Search code examples
oracleutf-8character-encodingwindows-1252

Get non-ASCII character from single character code


I have a couple databases where the NLS character encoding differs. One uses AL32UTF8 (UTF-8), and the other uses WE8MSWIN1252 (Windows 1252). Yes, this is bad, and I will push for getting things straightened out so they're the same. In the meantime, I need to write some SQL containing a non-ASCII character. For example, I need to use á, which is U+00E1 in Unicode. In UTF-8, it's represented with the hexadecimal value 0xC3A1, and in Windows 1252 it's represented with the hexadecimal value 0x00E1. (In other words, those are the byte values.)

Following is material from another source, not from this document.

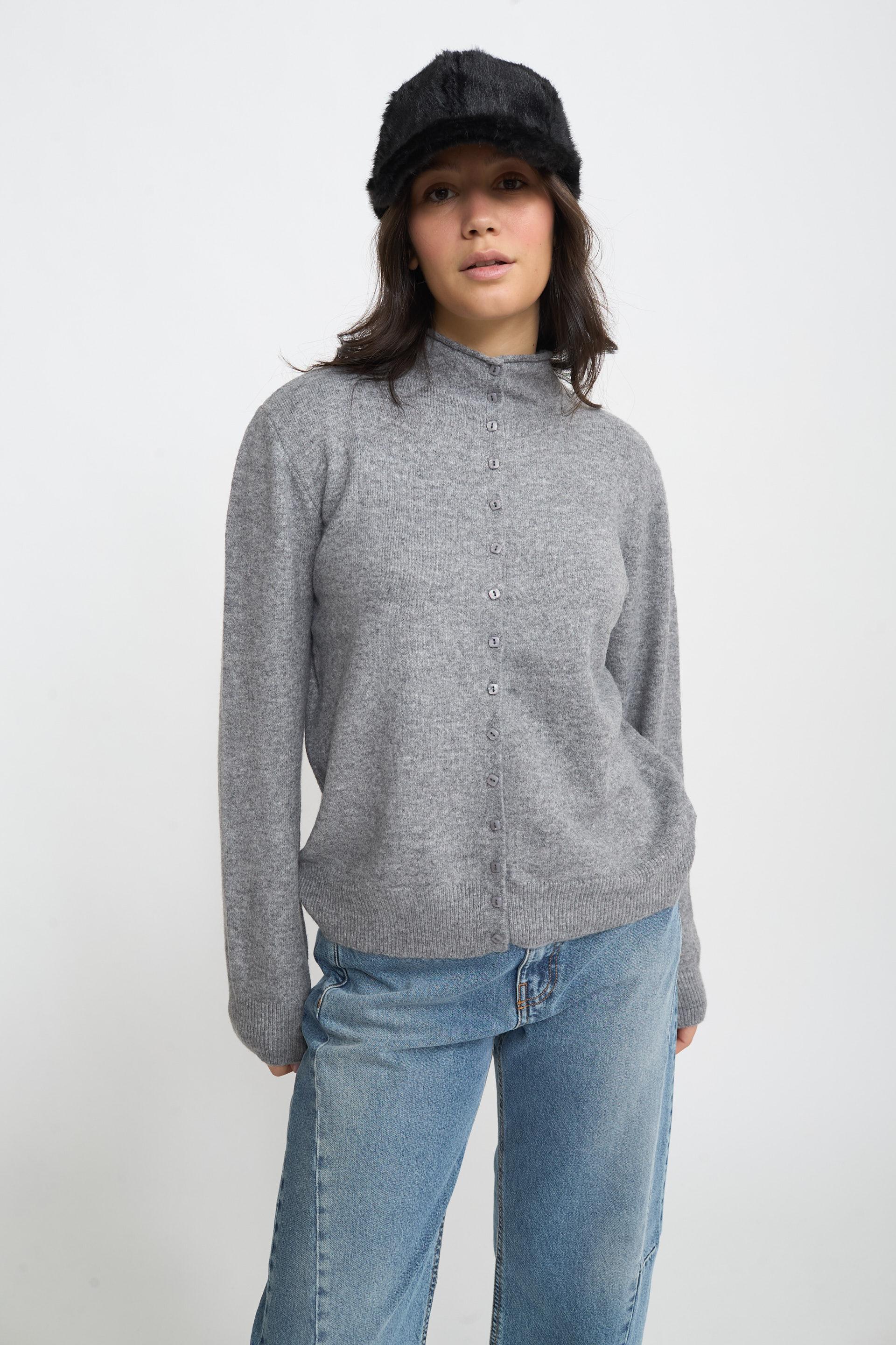 | Cardigan collo alto con chiusura tramite bottoni squadrati tono su tono. | ||

So this gives me what I want on the UTF-8 database:

SELECT CHR(TO_NUMBER('C3A1', 'xxxx')) FROM DUAL;

And this gives me what I want on the Windows 1252 database:

SELECT CHR(TO_NUMBER('00E1', 'xxxx')) FROM DUAL;

I can't seem to figure out a way to get Oracle to just take one and convert it to the right encoding, though. I don't really care which representation I end up using. I just want to only use one hexadecimal value since the same script needs to run on both databases. How can I do that?

Using Oracle 11g. (Unfortunately, one is 11.1 and the other is 11.2 for the moment.)


Solution

  • Two functions can you help UNISTR and TO_CHAR:

    1. To return in the national character set of the database:

       SELECT UNISTR('\00E1') FROM DUAL;
      
    2. To return in the database character set:

       SELECT TO_CHAR(UNISTR('\00E1')) FROM DUAL;
      

    From UNISTR documentation:

    UNISTR takes as its argument a text literal or an expression that resolves to character data and returns it in the national character set. The national character set of the database can be either AL16UTF16 or UTF8. UNISTR provides support for Unicode string literals by letting you specify the Unicode encoding value of characters in the string. This is useful, for example, for inserting data into NCHAR columns.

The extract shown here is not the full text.